(SOURCE DATA):
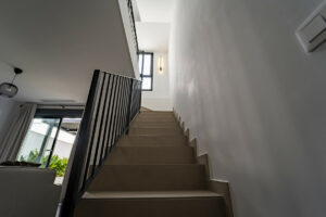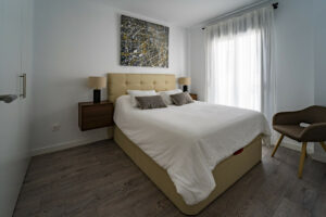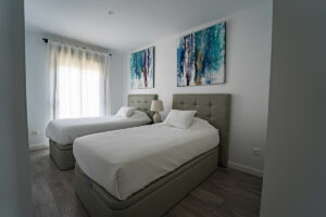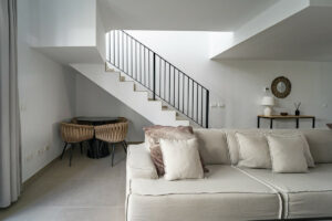 En la primera planta hay dos acogedores dormitorios: uno con cama doble y otro con dos camas individuales. La planta superior está reservada para la suite principal, que incluye un baño privado y una terraza exclusiva, el lugar perfecto para disfrutar de momentos de tranquilidad bajo el sol.
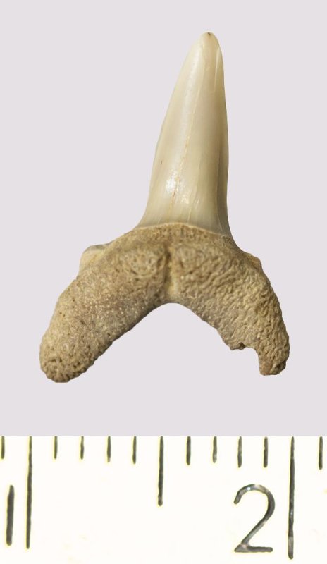 Зуб. Акула. Odontaspis venusta (Leriche, 1929). Классификация: Хордовые Chordata, Позвоночные Vertebrata, Хрящевые рыбы Chondrichthyes, Пластиножаберные Elasmobranchii
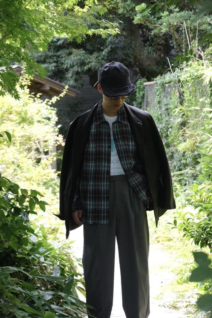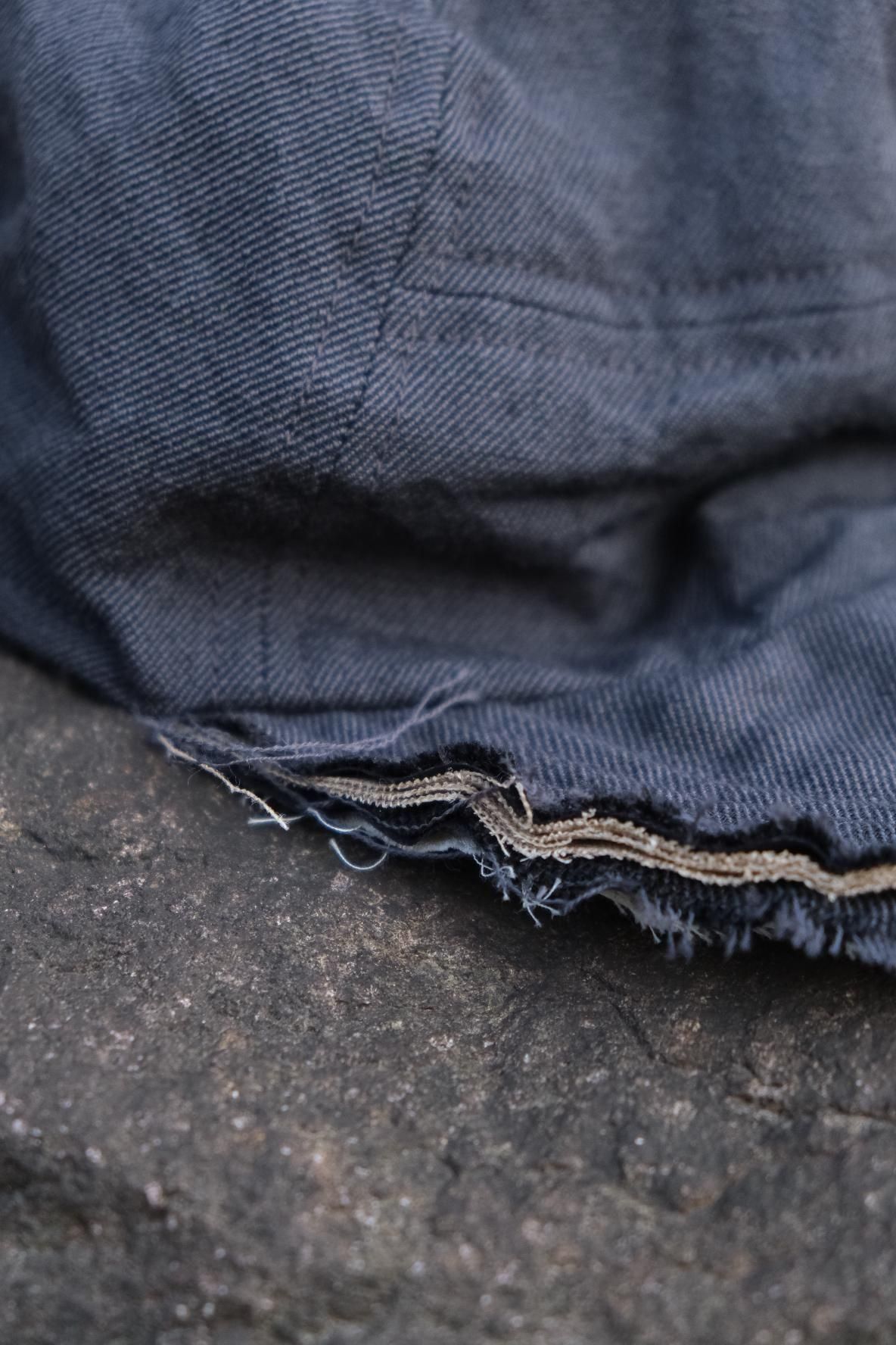 Ordinaryは平凡なという意。普遍的でありながらも普通ではない、ハナレのお洋服たちと非常に相性の良い意味合いに心惹かれる。縮絨ウールリネンの粗野な雰囲気を感じつつも、断ち切りのバイザーエッジや縮絨の不均一な歪みが丁寧な手作業であると見てとれ、ギャップが各所に散りばめられている。オリジナルの縮絨生地と見た目の雰囲気、バイザーエッジに見える副材はひとつひとつの要素が点でバラバラに見えるも完全に調和が取れた、他には替が効かないファッションアイテムだ。普遍という表題を裏切るextraordinaryさがありとあらゆる洋服に溶け込んでゆく。

(WORK ORDER): All of the data should be returned word for word, with each picture left out.

(EXERCISE ANSWER):
 En la primera planta hay dos acogedores dormitorios: uno con cama doble y otro con dos camas individuales. La planta superior está reservada para la suite principal, que incluye un baño privado y una terraza exclusiva, el lugar perfecto para disfrutar de momentos de tranquilidad bajo el sol.
 Зуб. Акула. Odontaspis venusta (Leriche, 1929). Классификация: Хордовые Chordata, Позвоночные Vertebrata, Хрящевые рыбы Chondrichthyes, Пластиножаберные Elasmobranchii
 Ordinaryは平凡なという意。普遍的でありながらも普通ではない、ハナレのお洋服たちと非常に相性の良い意味合いに心惹かれる。縮絨ウールリネンの粗野な雰囲気を感じつつも、断ち切りのバイザーエッジや縮絨の不均一な歪みが丁寧な手作業であると見てとれ、ギャップが各所に散りばめられている。オリジナルの縮絨生地と見た目の雰囲気、バイザーエッジに見える副材はひとつひとつの要素が点でバラバラに見えるも完全に調和が取れた、他には替が効かないファッションアイテムだ。普遍という表題を裏切るextraordinaryさがありとあらゆる洋服に溶け込んでゆく。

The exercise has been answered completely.